=== Information supplied ===

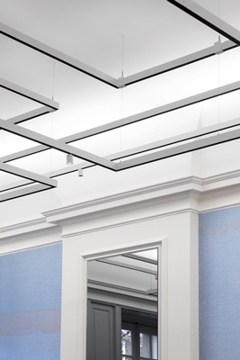 Als hedendaagse interpretatie van een kroonluchter hangen frames met verlichting aan het plafond. Daarbij verbinden de pendelarmaturen het restaurant met de receptie om Felix Meritis een grootse entree te geven.
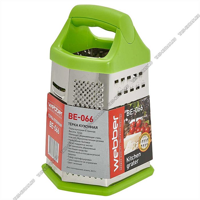 Терка 6-ти гранная h20см, нержавеюшая сталь,зеленая пластиковая ручка,нескользящее дно (12)
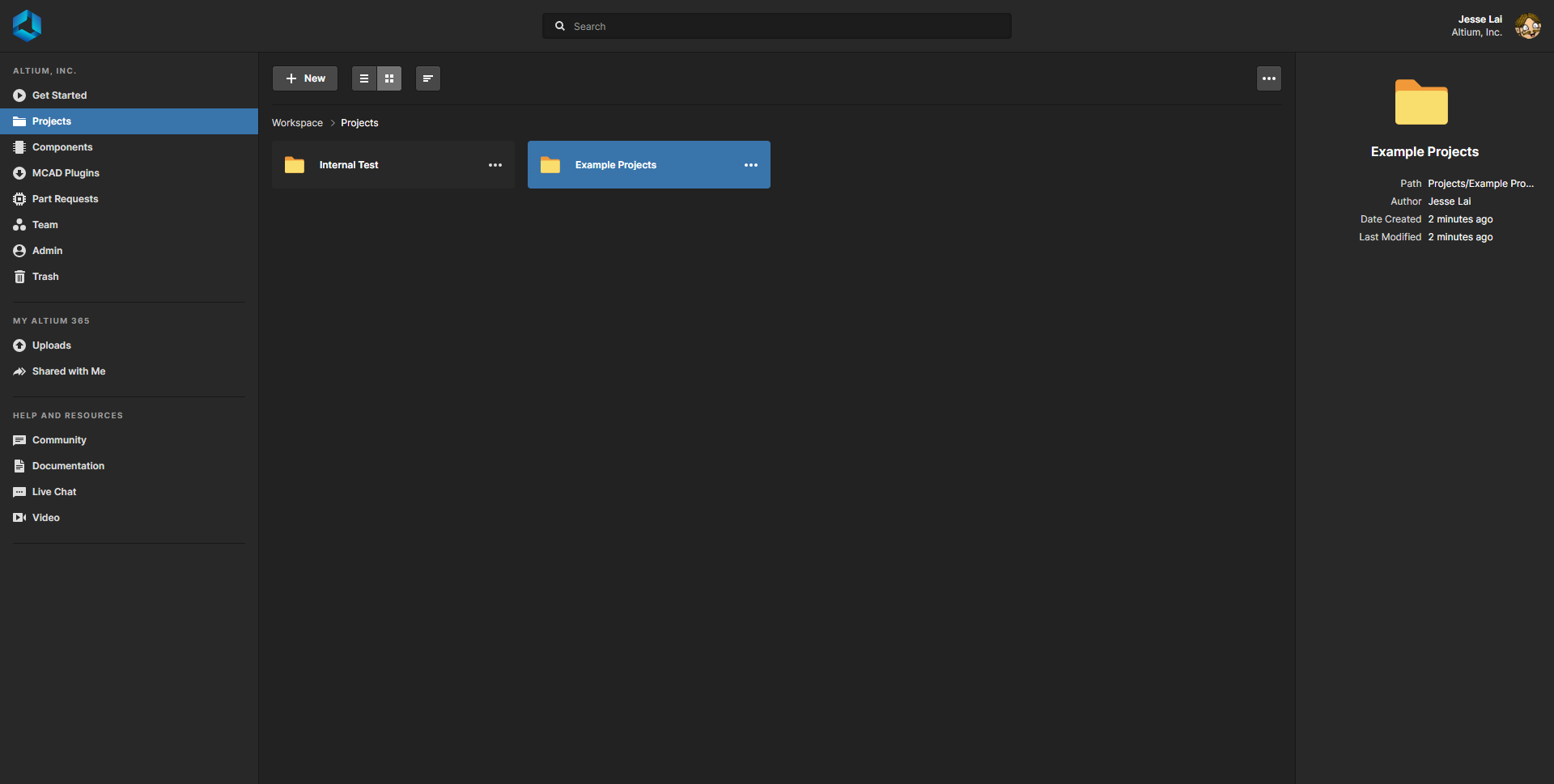 In previous versions of Altium Designer, it is possible to organize projects by grouping them into specific folders via the Explorer panel. The grouping is not limited to a specific type, and it is very flexible to the users as intended to help them, for example, recognize multiple projects as being part of one large project. Now in Altium 365, users are able to view projects by first navigating through specific folders and then access the project.

===

Reproduce the material in its entirety and word for word, without the pictures.

 Als hedendaagse interpretatie van een kroonluchter hangen frames met verlichting aan het plafond. Daarbij verbinden de pendelarmaturen het restaurant met de receptie om Felix Meritis een grootse entree te geven.
 Терка 6-ти гранная h20см, нержавеюшая сталь,зеленая пластиковая ручка,нескользящее дно (12)
 In previous versions of Altium Designer, it is possible to organize projects by grouping them into specific folders via the Explorer panel. The grouping is not limited to a specific type, and it is very flexible to the users as intended to help them, for example, recognize multiple projects as being part of one large project. Now in Altium 365, users are able to view projects by first navigating through specific folders and then access the project.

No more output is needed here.